Items from a dataset
-*-*-
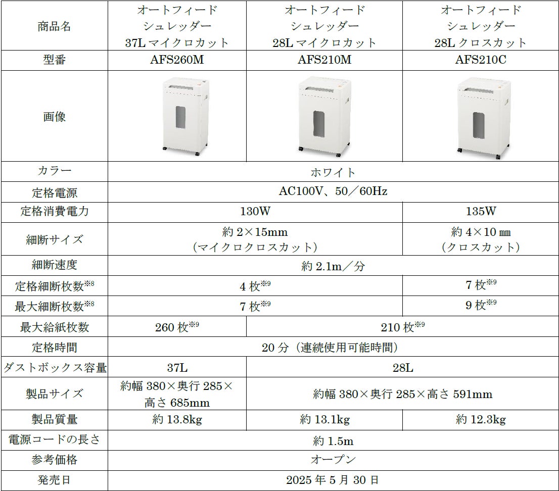 ※2:「オートフィードシュレッダー 28Lマイクロカット・28Lクロスカット(AFS210)/37Lマイクロカット(AFS260)」
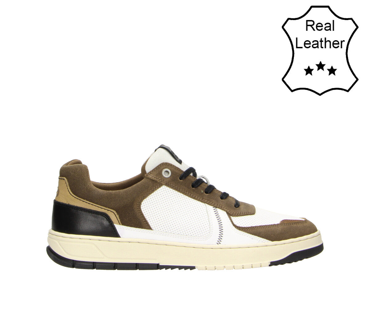 The Bullboxer 7LT0010101 1135 White-Dark Brown Leather Men's Sneaker is a great mix of casual and classy. With a clean white leather design and dark brown details, it’s easy to pair with any outfit, whether you’re running errands or heading out with friends.
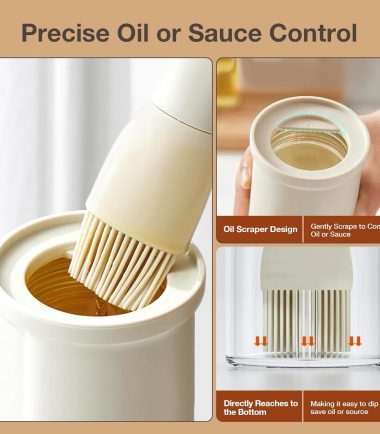 - 【Precise Oil Control】: The kitchen oil dispenser with cooking brush for oil and sauce’s oil scraper design helps to avoid waste and control the amount of oil or sauce, while also ensuring the cleanliness of the table and cooking surfaces
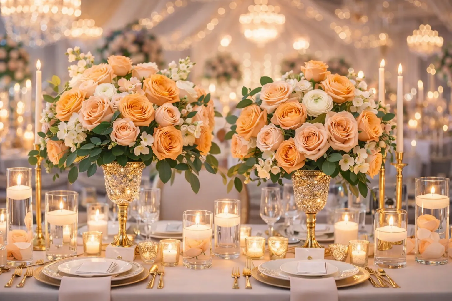 Arrange peach floral centerpieces
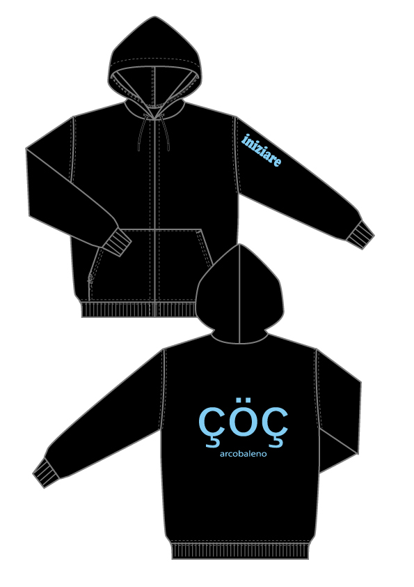 8.4オンス ジップパーカー ブラック (プリント ブルー)
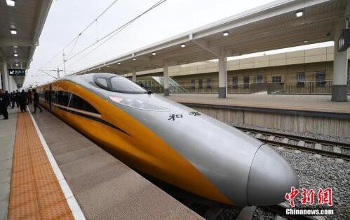 資料圖:2017年3月21日,新型CRH380AJ--0203動車組列車“黃醫生”從蘭州西車站高速場上線,開始檢測寶蘭客專蘭州西站至東岔站間334公里高鐵行車設備,寶蘭客專(蘭州局管段)聯調聯試正式啟動。楊艷敏 攝
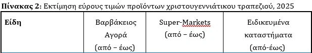 Το ΙΝ.ΕΜ.Υ. της ΕΣΕΕ πραγματοποίησε, κατά το διάστημα 15-17 Δεκεμβρίου 2025, ενδεικτική καταγραφή των τιμών πώλησης των προϊόντων του χριστουγεννιάτικου τραπεζιού, με τη μέθοδο της επιτόπιας παρατήρησης σε εμπορικές αγορές της Αττικής και διαμέσου τηλεφωνικής συνέντευξης για τη Θεσσαλονίκη.
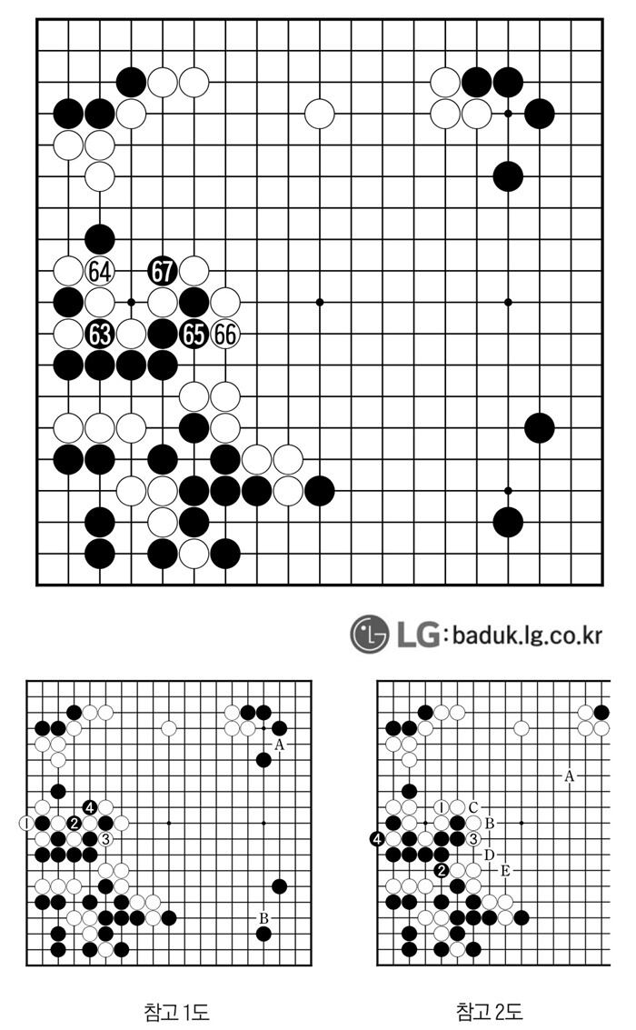 당연한 봉쇄로 보이는 66에 대해 AI는 승률을 크게 떨어뜨리면서 참고 2도 1을 추천했다. 4 이후 백 A로 모양을 키워 지금부터의 바둑이라는 것. 흑이 2 대신에 3으로 나오면 백은 2로 석 점을 살린다. 계속해서 흑 B부터 부호 순으로 백 E까지 이번에는 백이 실리로 대항해서 이 또한 지금부터의 바둑.
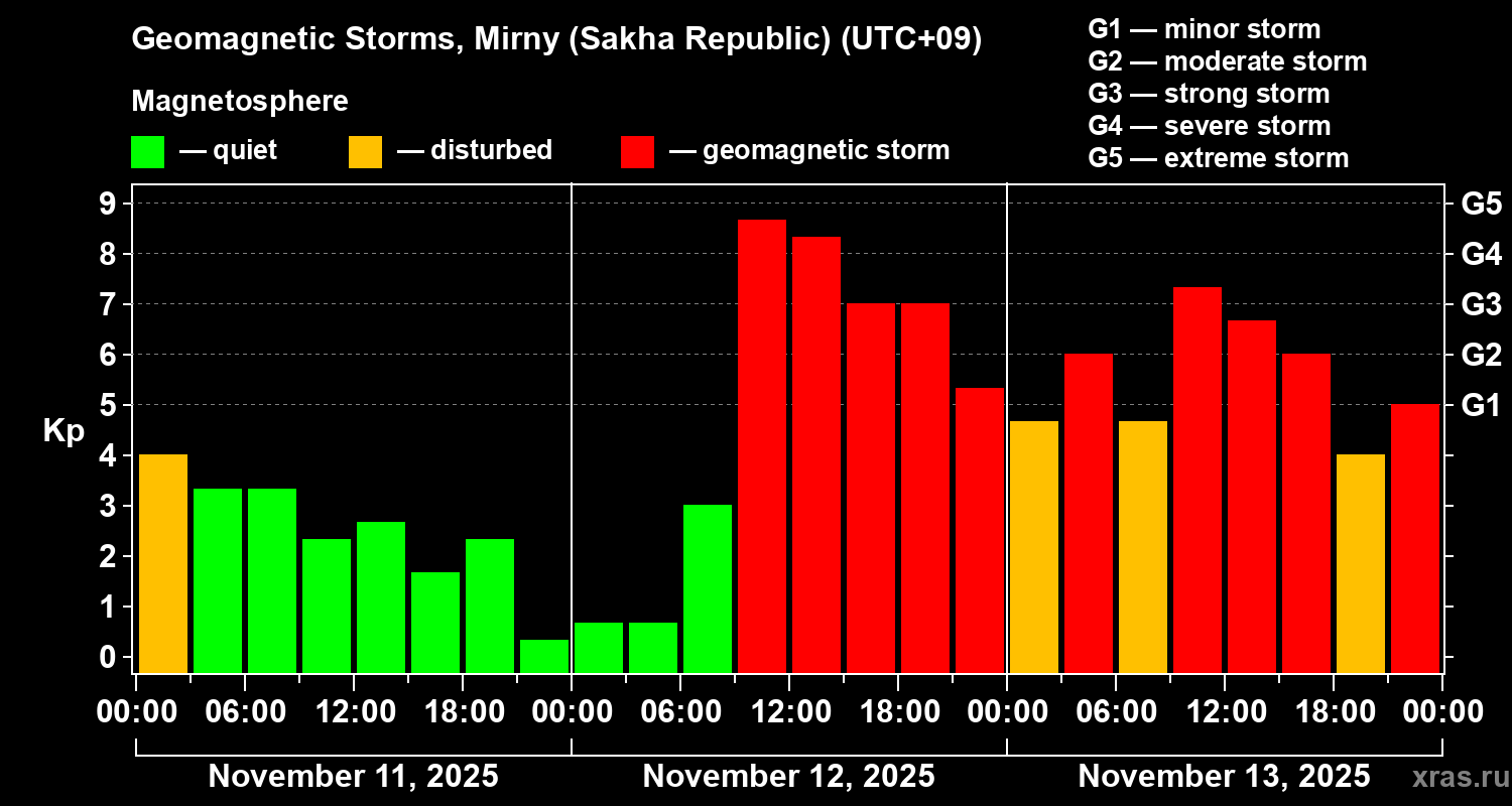 Geomagnetic storms in Mirny (Sakha Republic) — Nov 13, 2025
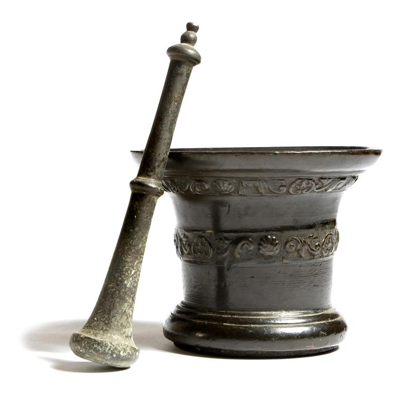 A 17th century bronze mortar attributed to the Whitechapel Foundry in London, decorated with two bands of scrolling foliage and shells, together with an associated pestle, 14.4cm high, 18.1cm diameter.
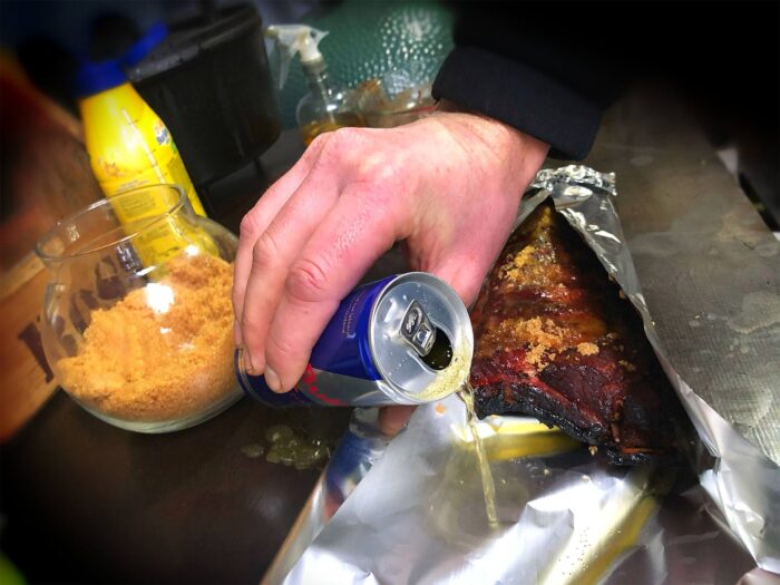 Tussen 2 en 3 uur dat de ribs er op liggen kun je testen hoe gaar ze zijn. Doe dit door je kerntemperatuur meter door het vlees te prikken. Gaat dit makkelijk, dan is het tijd om de ribs in te pakken in aluminiumfolie. Leg een rib op een ruim stuk folie, verdeel een eetlepel lichtbruine basterdsuiker over het vlees en schenk er een flinke scheut Red Bull bij. Vouw de folie dusdanig dicht dat er niets uit kan lekken of verdampen.
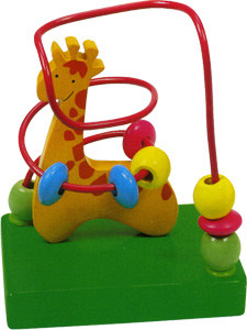 Развивающая деревянная игрушка с красочной фигуркой Жирафа и проволоками-лабиринтами вокруг него с разноцветными подвижными бусинами.
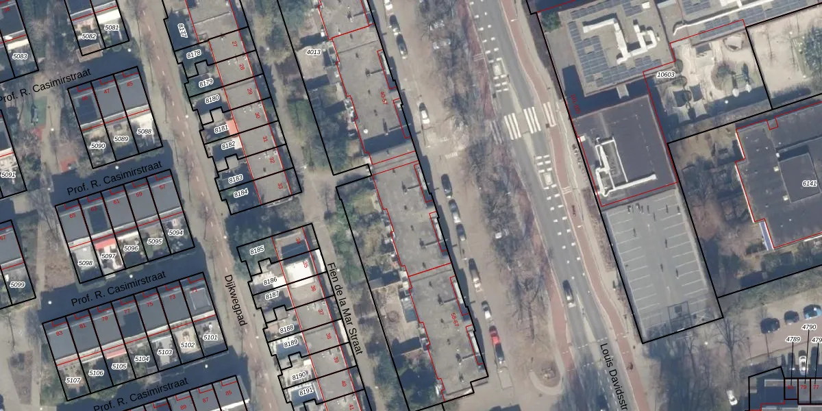 Het perceel waarop Louis Davidsstraat 49 staat heeft een oppervlakte van 4370 m². Dit is een zeer groot perceel. De perceeloppervlakte wordt geregistreerd door het Kadaster. Gedetailleerde informatie over de maten van dit perceel kunt u vinden in het rapport Kadastrale kaart met maatvoering van Louis Davidsstraat 49.
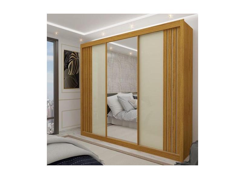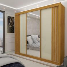 Guarda Roupa Casal Ripado 3 Portas 1 Porta Espelho Santorini Naturale
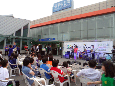 ±¤»ê±¸°¡ ¡®±¤ÁÖ Ã¶µµ°³Åë 100³â¡¯ ¸ÂÀÌ ±â³ä»ç¾÷ÀÇ Çϳª·Î Áö³´Þ 31ÀÏ ±¤ÁÖ¼ÛÁ¤¿ª ¾Õ ±¤Àå¿¡¼ ¸±·¹ÀÌ ÄܼƮ¸¦ °³ÃÖÇß´Ù.
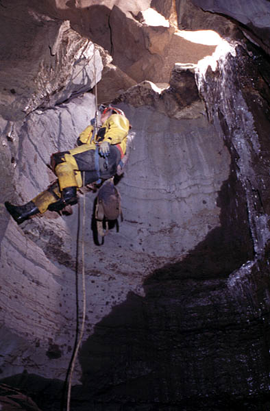 This is another view of the first drop. Here a caver ascends the 25-foot rope. Note the ice hanging from the lip of the drop. This section of the cave is very cold in winter and the ice can be found 150 feet inside the cave.
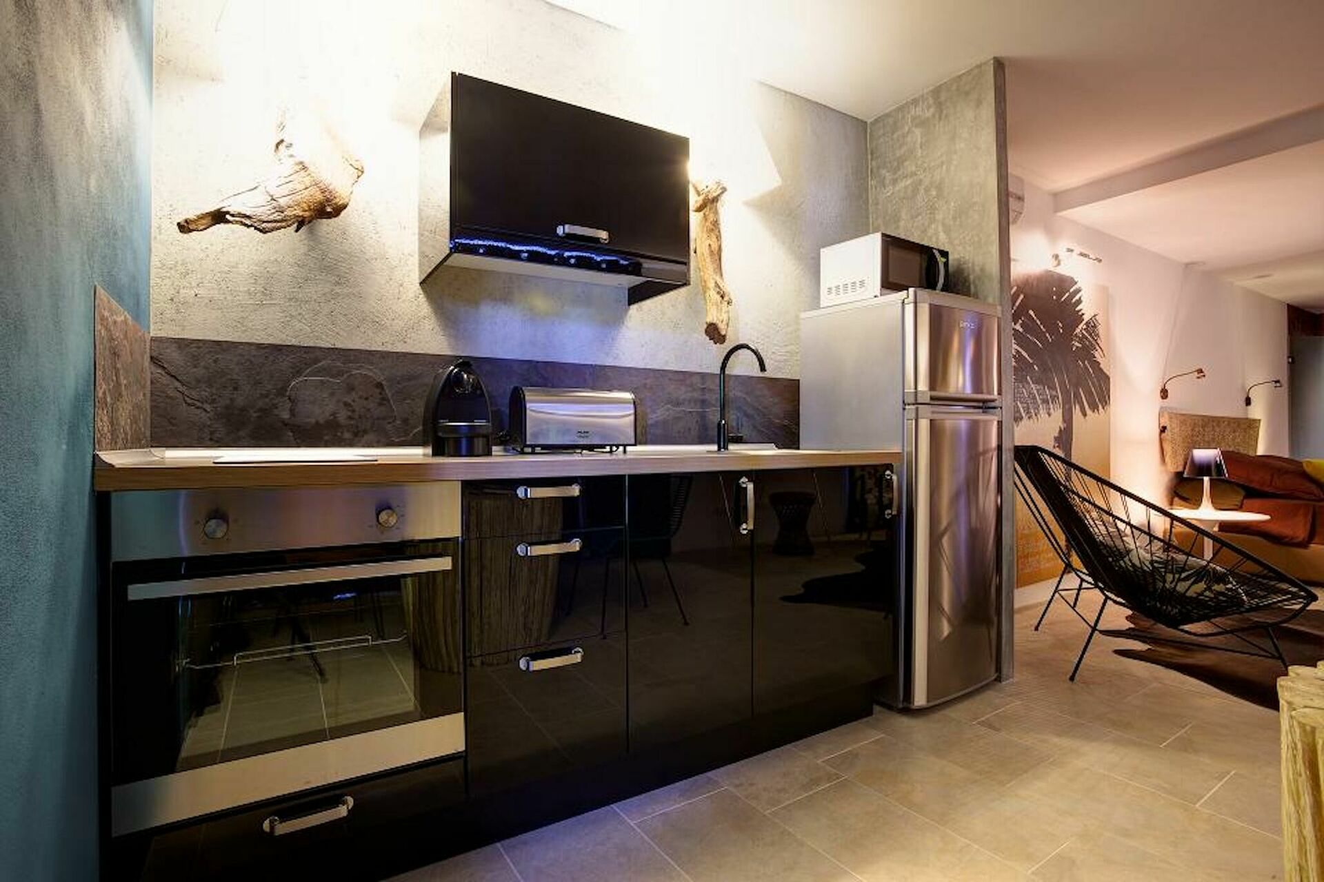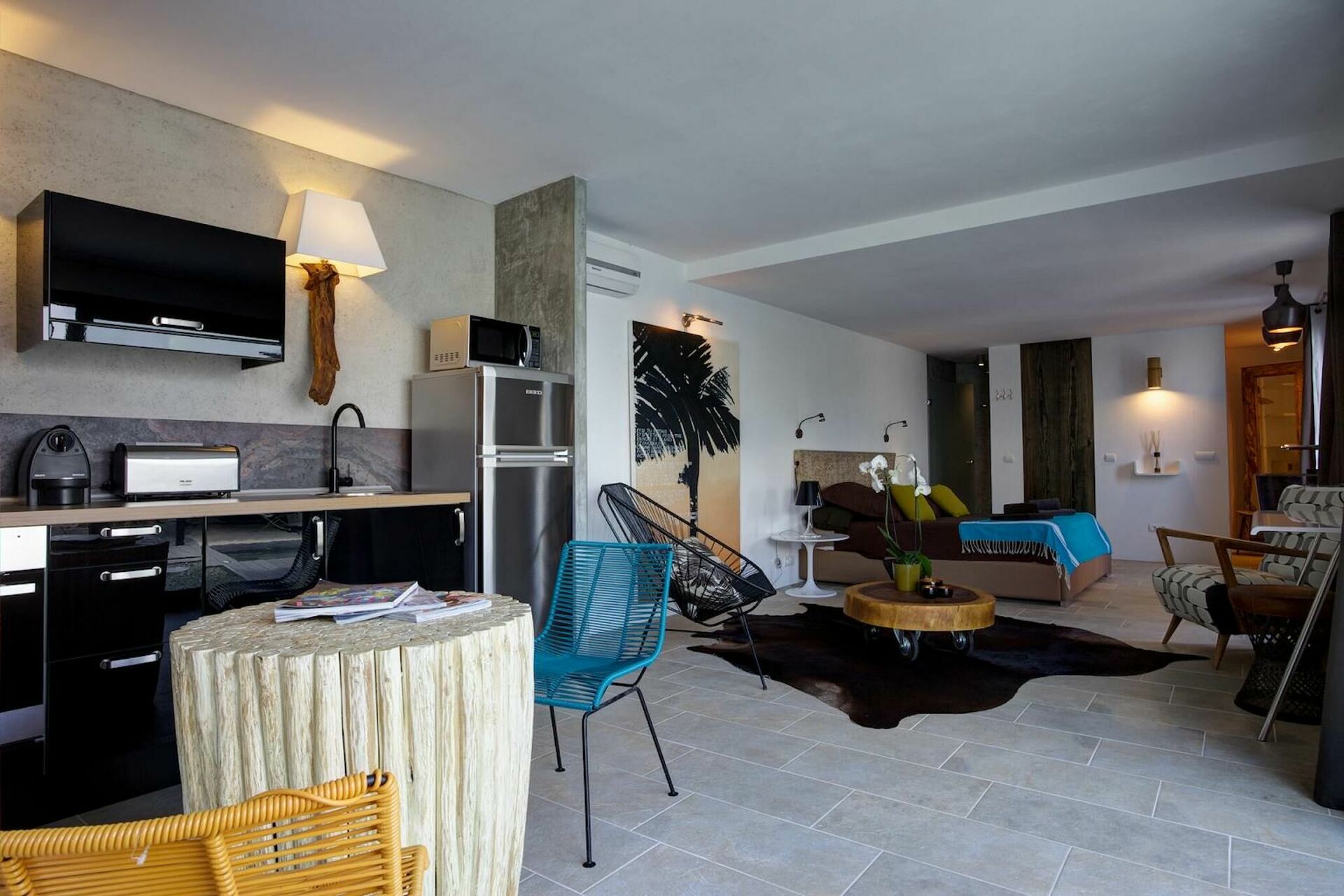 Monolocale di 50 m2 con cucina e zona pranzo, letto matrimoniale king size, bagno privato con vasca e doccia.
-*-*-
Above are some entries. Restate word for word the lines from the one holding "Το ΙΝ.ΕΜ.Υ. της" through the one holding "Развивающая деревянная игрушка", but not the pictures.

Completed task:
 Το ΙΝ.ΕΜ.Υ. της ΕΣΕΕ πραγματοποίησε, κατά το διάστημα 15-17 Δεκεμβρίου 2025, ενδεικτική καταγραφή των τιμών πώλησης των προϊόντων του χριστουγεννιάτικου τραπεζιού, με τη μέθοδο της επιτόπιας παρατήρησης σε εμπορικές αγορές της Αττικής και διαμέσου τηλεφωνικής συνέντευξης για τη Θεσσαλονίκη.
 당연한 봉쇄로 보이는 66에 대해 AI는 승률을 크게 떨어뜨리면서 참고 2도 1을 추천했다. 4 이후 백 A로 모양을 키워 지금부터의 바둑이라는 것. 흑이 2 대신에 3으로 나오면 백은 2로 석 점을 살린다. 계속해서 흑 B부터 부호 순으로 백 E까지 이번에는 백이 실리로 대항해서 이 또한 지금부터의 바둑.
 Geomagnetic storms in Mirny (Sakha Republic) — Nov 13, 2025
 A 17th century bronze mortar attributed to the Whitechapel Foundry in London, decorated with two bands of scrolling foliage and shells, together with an associated pestle, 14.4cm high, 18.1cm diameter.
 Tussen 2 en 3 uur dat de ribs er op liggen kun je testen hoe gaar ze zijn. Doe dit door je kerntemperatuur meter door het vlees te prikken. Gaat dit makkelijk, dan is het tijd om de ribs in te pakken in aluminiumfolie. Leg een rib op een ruim stuk folie, verdeel een eetlepel lichtbruine basterdsuiker over het vlees en schenk er een flinke scheut Red Bull bij. Vouw de folie dusdanig dicht dat er niets uit kan lekken of verdampen.
 Развивающая деревянная игрушка с красочной фигуркой Жирафа и проволоками-лабиринтами вокруг него с разноцветными подвижными бусинами.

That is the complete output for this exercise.